Two-dimensional quantum percolation on anisotropic lattices

TL;DR

This study investigates quantum percolation on anisotropic 2D lattices, revealing evidence of a delocalized phase at low disorder and clarifying discrepancies in previous research regarding localization transitions.

Contribution

It provides a detailed analysis of anisotropic lattice geometries, demonstrating the existence of delocalized states and phase transitions using transmission coefficients and participation ratios.

Findings

Localization length does not converge at low dilution for anisotropic strips.

Evidence of a delocalized phase at small disorder levels.

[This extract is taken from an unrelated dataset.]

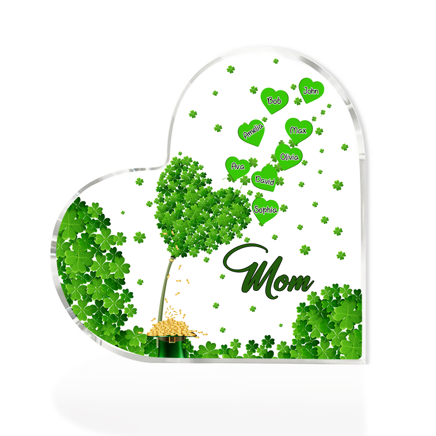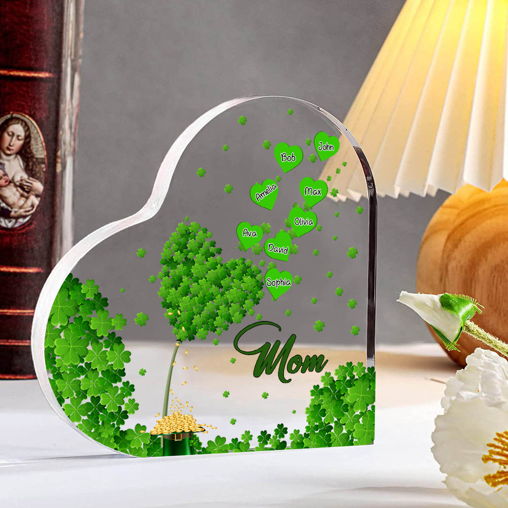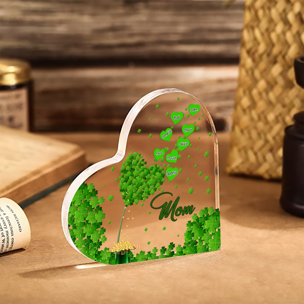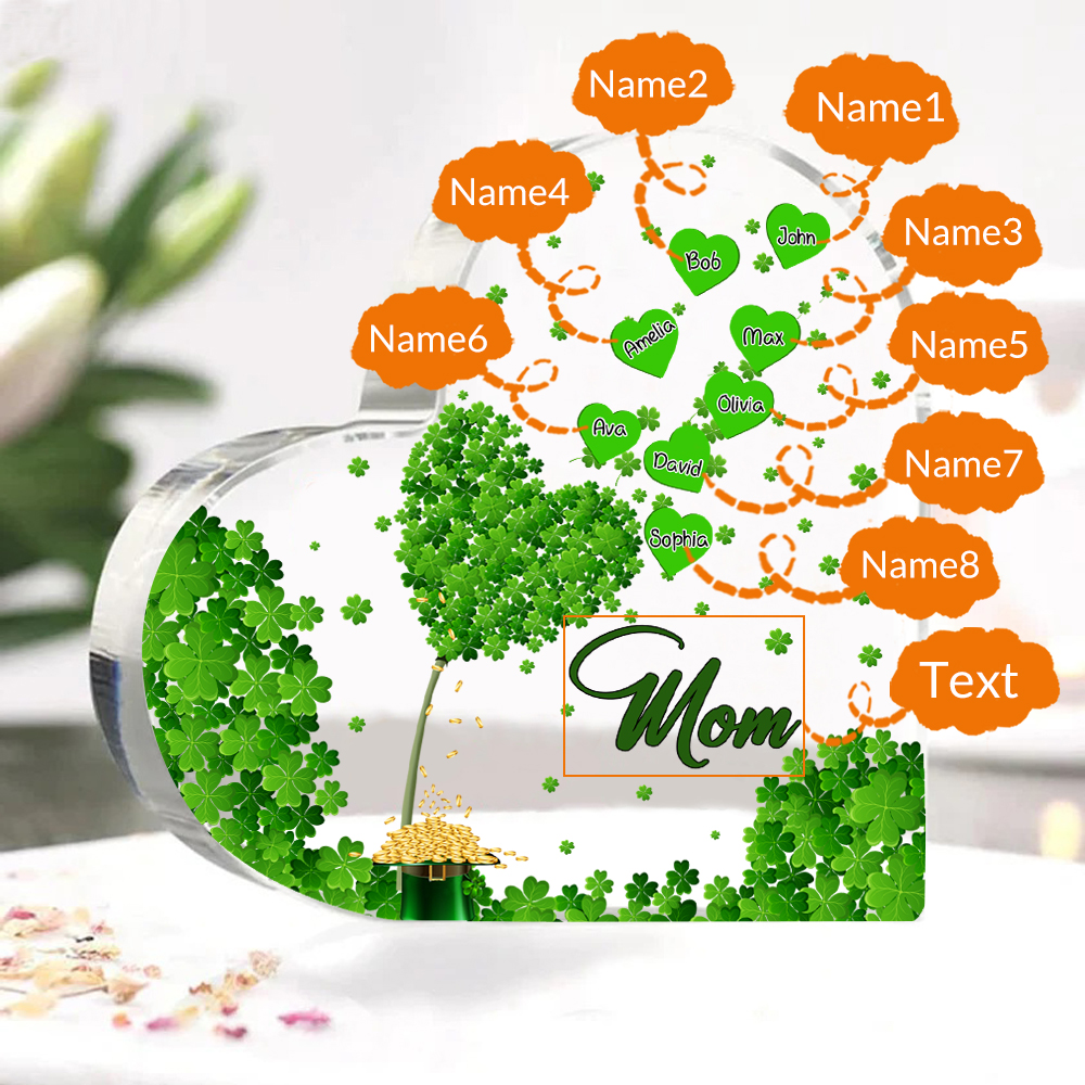 8 Names - Personalized Acrylic Heart Keepsake Custom Text Four-Leaf Clover Ornament Gift for Mother/Grandma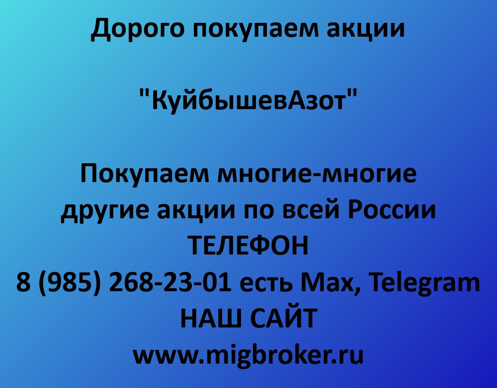 Открыть объявление »Хотите продать акции «КуйбышевАзот»? Узнайте реальную цену и стоимость на сегодня. Оплата сразу до подписания договора. Работаем по всей России, все к...

Phase transition from delocalized to localized near specific dilutions.

Abstract

In a previous work [Dillon and Nakanishi, Eur. Phys.J B {\bf 87}, 286 (2014)], we calculated the transmission coefficient of the two-dimensional quantum percolation model and found there to be three regimes, namely, exponentially localized, power-law localized, and delocalized. However, the existence of these phase transitions remains controversial, with many other works divided between those which claim that quantum percolation in 2D is always localized, and those which assert there is a transition to a less localized or delocalized state. It stood out that many works based on highly anisotropic two-dimensional strips fall in the first group, whereas our previous work and most others in the second group were based on an isotropic square geometry. To better understand the difference in our results and those based on strip geometry, we apply our direct calculation of the transmission coefficient to highly anisotropic strips of varying widths at three energies and a wide range of dilutions. We find that the localization length of the strips does not converge at low dilution as the strip width increases toward the isotropic limit, indicating the presence of a delocalized state for small disorder. We additionally calculate the inverse participation ratio of the lattices and find that it too signals a phase transition from delocalized to localized near the same dilutions.